For some queries, your application may need to do part of the work of assembling data instead of relying on the database to respond with all of the relevant information in a single query. For example, if you need to handle customer information and their associated orders, it might make sense to store orders in a different category and reference them by ID in your customer objects.
Some database systems cannot easily join this information by following the references between your objects. Instead, your application may need to query the customer first and then make additional queries for each of the related orders using the order IDs you discovered.
Performing these operations in your application code can help work around the limitations of some non-relational databases. This is often a better option than attempting to maintain a great deal of information within a single entry or attempting to duplicate data many times for many different types of database objects. Those options could result in very poor performance and data consistency.
That being said, it will be important to test and tune your application code and database schemas once they are both online to ensure that you are not trading good application performance for fast database operations. A good rule of thumb is to use the database's capabilities whenever possible since they are highly optimized for information retrieval and manipulation and to supplement within your application as required.
For highly scalable, non-relational databases, users often have to determine a partition or sharding key. These keys will be used to split datasets among various servers to improve performance and responsiveness.
Finding the right partition keys is highly dependent on your data and your workloads. Some general rules, however, can help guide you.
It is best to try to choose a partition key that has a fairly regular distribution of keys. For instance, if you need to distribute customer data, their birth month would typically lead to a decent distribution. In contrast, if you are selling winter clothing, sign up month would not be a good partition key since your products' seasonality would likely affect the distribution of keys. Applying a hashing algorithm to your candidate data can also sometimes help to distribute your key space more evenly.
Another consideration is whether your workloads are read or write heavy. If you have a read-heavy application, you likely want to choose a partition key that will allow you to write as much related data to a single server as possible. This will help you avoid having to read from many servers each time you need to retrieve related data.

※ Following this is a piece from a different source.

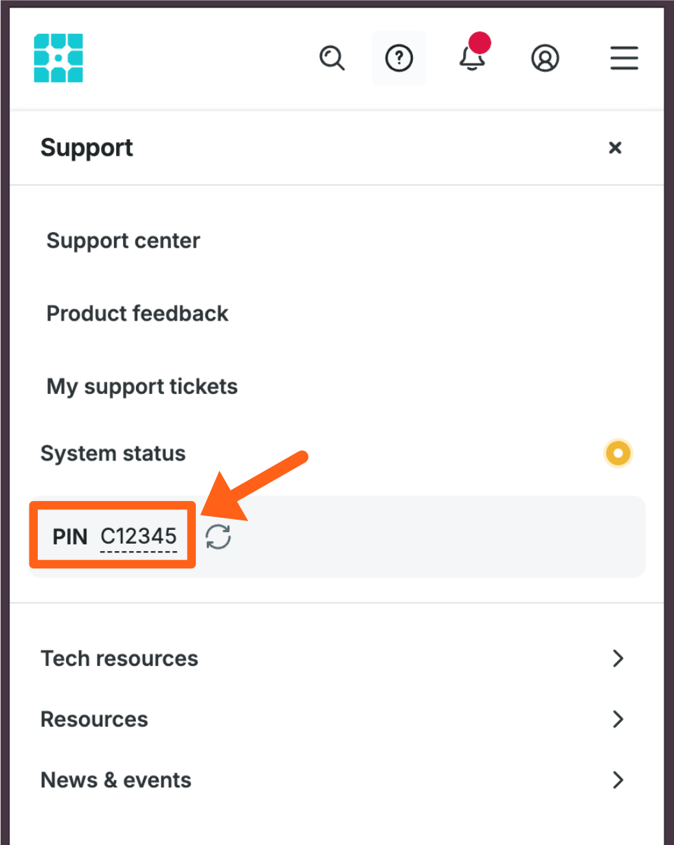 After clicking the question mark icon, you’ll see your support pin in the mobile menu as shown in the example screenshot below.

On the other hand, if you have write-heavy workloads, it is often preferable to spread the writes over as many servers as possible. If each request ends up writing data to the same server, you will not gain much performance for write-intensive operations.

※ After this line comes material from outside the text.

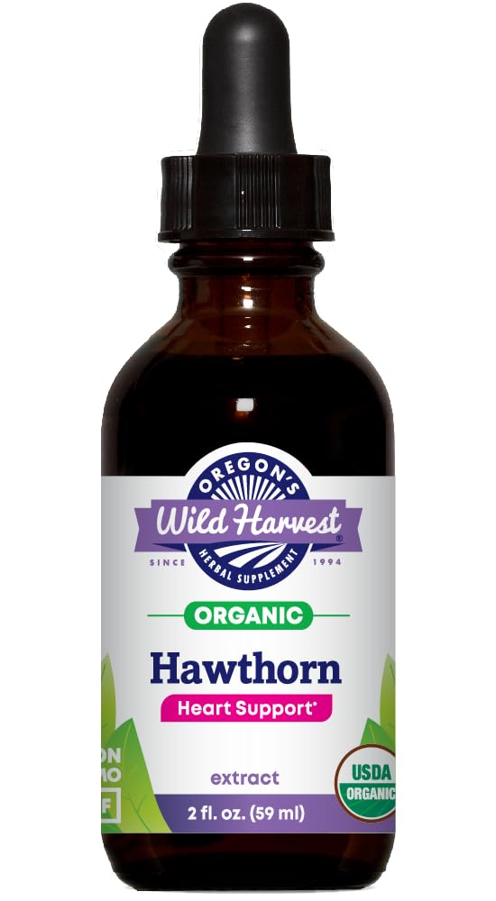 Oregon's Wild Harvest Hawthorn Organic Extract 2oz Alcohol Herbal Supplement Heart Support Tincture USDA Organic Non-GMO Gluten-Free Made in USA

Designing effective database schemas takes patience, practice, and often a lot of trial and error.
To start, you have to try to develop a good idea of what your data will look like, how your applications will use it, and what usability and data integrity requirements are required. Afterwards, your goal is to develop a schema that reflects your data's specific features and facilitates the type of use cases you anticipate.
Schema design, like any other type of design, is an iterative process. Expect to change your design as your understanding of the problem space deepens and as real world performance data becomes available. While you may have to evolve your schema over time, starting off with a solid foundation will both aid you in this process and reduce the likelihood of dramatic, disruptive schema changes in the future.